NASA has shared an animated holiday card — with a twist.
It’s been an incredibly busy year for the space agency, and so to make the card a bit more fun, it’s populated the animation with many of the space missions that it’s currently working on.
See how many you can spot!
Set in a suitably snowy landscape that could be anywhere from Lapland to some imaginary planet deep in the cosmos, NASA’s animated holiday card kicks off with an Artemis moon buggy that could be trundling across the lunar surface before the decade is out.
Next, we see the James Webb Space Telescope with its distinctive gold-plated mirror. Following numerous delays, the telescope is set to launch on Friday, December 24. Webb is the most powerful space telescope ever built and is the successor to the Hubble Space Telescope. NASA is hoping the telescope’s discoveries will help scientists to unlock some secrets of our solar system — and beyond — as it peers into deep space.

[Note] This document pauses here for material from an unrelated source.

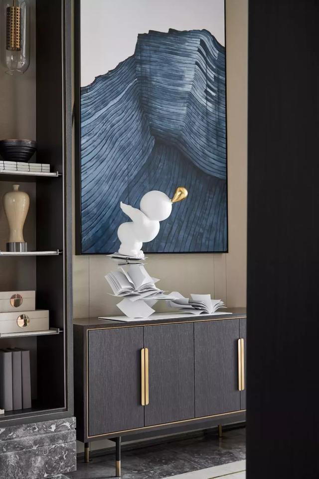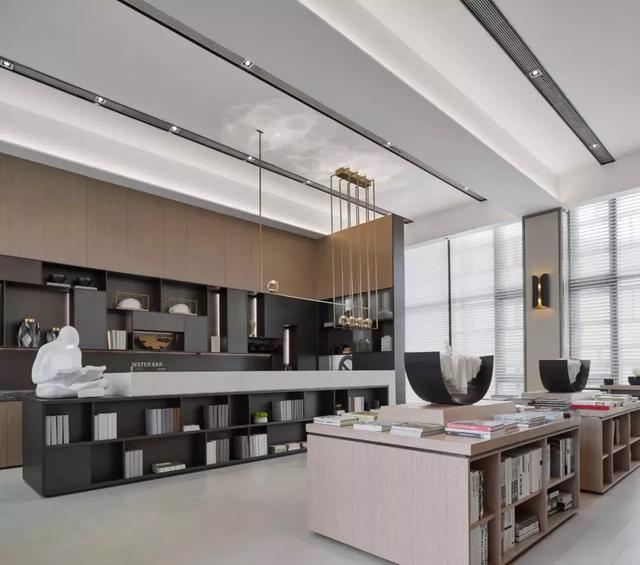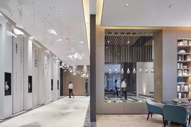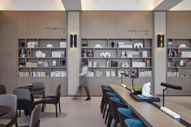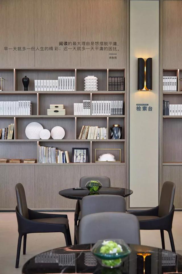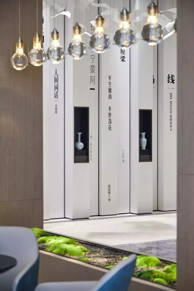 設(shè)計(jì)師通過對(duì)空間設(shè)計(jì)的升級(jí),為這個(gè)售樓處打造了一個(gè)具有辨識(shí)度的藝術(shù)長(zhǎng)廊,高三米八的書墻,以夸張的表現(xiàn)手法,營(yíng)造出素雅靜逸的書苑氛圍。于書墻中嵌入裝飾柜,放置的白瓷花瓶,卻有“書中自有顏如玉”的既視感。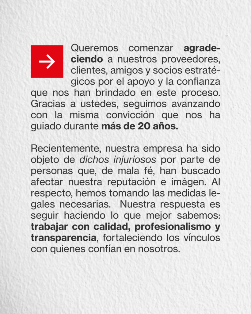 «Queremos compartir nuestro comunicado oficial frente a las recientes acusaciones infundadas que buscan afectar nuestra trayectoria. En INVLAC, reafirmamos nuestro compromiso con la calidad, el profesionalismo y el trabajo constante que nos caracteriza desde hace más de 20 años», destacó la descripción antes del comunicado.

Keep your eyes peeled for the DART spacecraft as it scoots across the snow in rapid pursuit of a couple of large boulders — or asteroids. The DART mission, for those not in the know, is a recently launched effort by NASA to find out if it can alter the path of an asteroid by smashing into it. The DART mission’s target rock poses no threat to Earth, but if flying DART into it can alter the direction in which it’s traveling, the method will give us a way of protecting Earth from potentially catastrophic impacts in the future.
Following DART, we see NASA’s Mars rover, Perseverance, making its way across a landscape markedly different to the one on the red planet, with the Ingenuity helicopter — the first aircraft to perform controlled, powered flight on another planet — swooping in low over the rover.
Last but not least, NASA’s T-38 aircraft makes an appearance. This is surely a nod to the recent unveiling of NASA’s latest batch of astronaut candidates, all of whom will learn to fly the supersonic jet as part of their training.
NASA’s animated holiday card was produced by Mark Hailey, art director for NASA TV.